Но, разумеется, пока я остаюсь в убежище, врачу легче следить за моим состоянием, и

он, смею думать, меньше опасается, не зря ли мне разрешили заниматься живописью.

Уверяю тебя, мне здесь неплохо, и я пока что не вижу оснований переезжать в какую-

нибудь другую лечебницу в Париже или его окрестностях. У меня маленькая комнатка,

оклеенная серо-зелеными обоями, с двумя занавесями аквамаринового цвета с набивным

рисунком – очень бледные розы, оживленные кроваво-красными полосками.

Эти занавеси – наверно, дар какого-нибудь несчастного богатого покойного пациента

– очень хороши. Того же происхождения, видимо, и старое кресло, обитое пестрой тканью a la

Диаз или a la Монтичелли: коричневое, красное, розовое, белое, кремовое, черное, незабудковое

и бутылочно-зеленое. За окном, забранным решеткой, видно обнесенное стеной пшеничное

поле – пейзаж в духе ван Гойена, над которым по утрам во всем своем блеске восходит солнце.

Кроме того, поскольку здесь пустует более тридцати комнат, у меня есть еще одна

комната для работы.

Еда – так себе. Немножко, конечно, попахивает плесенью, как в каком-нибудь

заполненном тараканами парижском ресторанчике или дрянном пансионе. Так как несчастные

больные совершенно ничего не делают (нет даже книг, ничего решительно, чтобы занять их,

кроме кегельбана и шашек), им не остается ничего другого, как в определенные часы набивать

себе живот горохом, бобами, чечевицей, разной бакалеей и колониальными продуктами.

Так как переваривание этой пищи сопряжено с некоторыми трудностями, то они

поглощены весь день занятием столь же безопасным, сколь и дешевым.

Но, отбросив шутки в сторону, должен сказать, что я в значительной мере перестаю

бояться безумия, когда вижу вблизи тех, кто поражен им, тех, каким в один прекрасный день

легко могу стать я сам.

Раньше они внушали мне отвращение, и я приходил в отчаяние, вспоминая, какое

множество людей нашей профессии – Тройон, Маршал, Мерион, Юндт, М. Марис,

Монтичелли и целая куча других – кончили тем же.
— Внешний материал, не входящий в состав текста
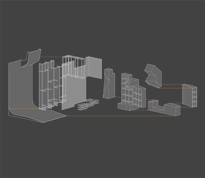 Having secured a retail space in the popular Active Ride Shop chain store, Elwood Clothing needed cabinetry design for their allotted build-out. Like the trade show booth, the build-out was a retail venue of its own, placed amongst the build-outs of other retailers. Part of the task was to distinguish the Elwood space from the these other spaces. Drawing on urban youth imagery of skateboard ramps, transformers, and old music equipment trunks, the Elwood build-out was composed of three basic elements: a light box, wardrobe "cabinetry" and a skateboard ramp / platform.

Я никак не мог себе представить, что и сам

когда-нибудь окажусь в таком же положении.

Так вот, теперь я думаю обо всем этом без страха, то есть считаю смерть от

сумасшествия не более страшной, чем смерть, например, от чахотки или сифилиса…

Хотя есть и такие больные, которые постоянно кричат и обычно бывают невменяемы,

здесь в то же время существует и подлинная дружба.

Они говорят: «Мы должны терпеть других, чтобы другие терпели нас». Высказывают

они и иные столь же здравые мысли, которым пытаются даже следовать на практике.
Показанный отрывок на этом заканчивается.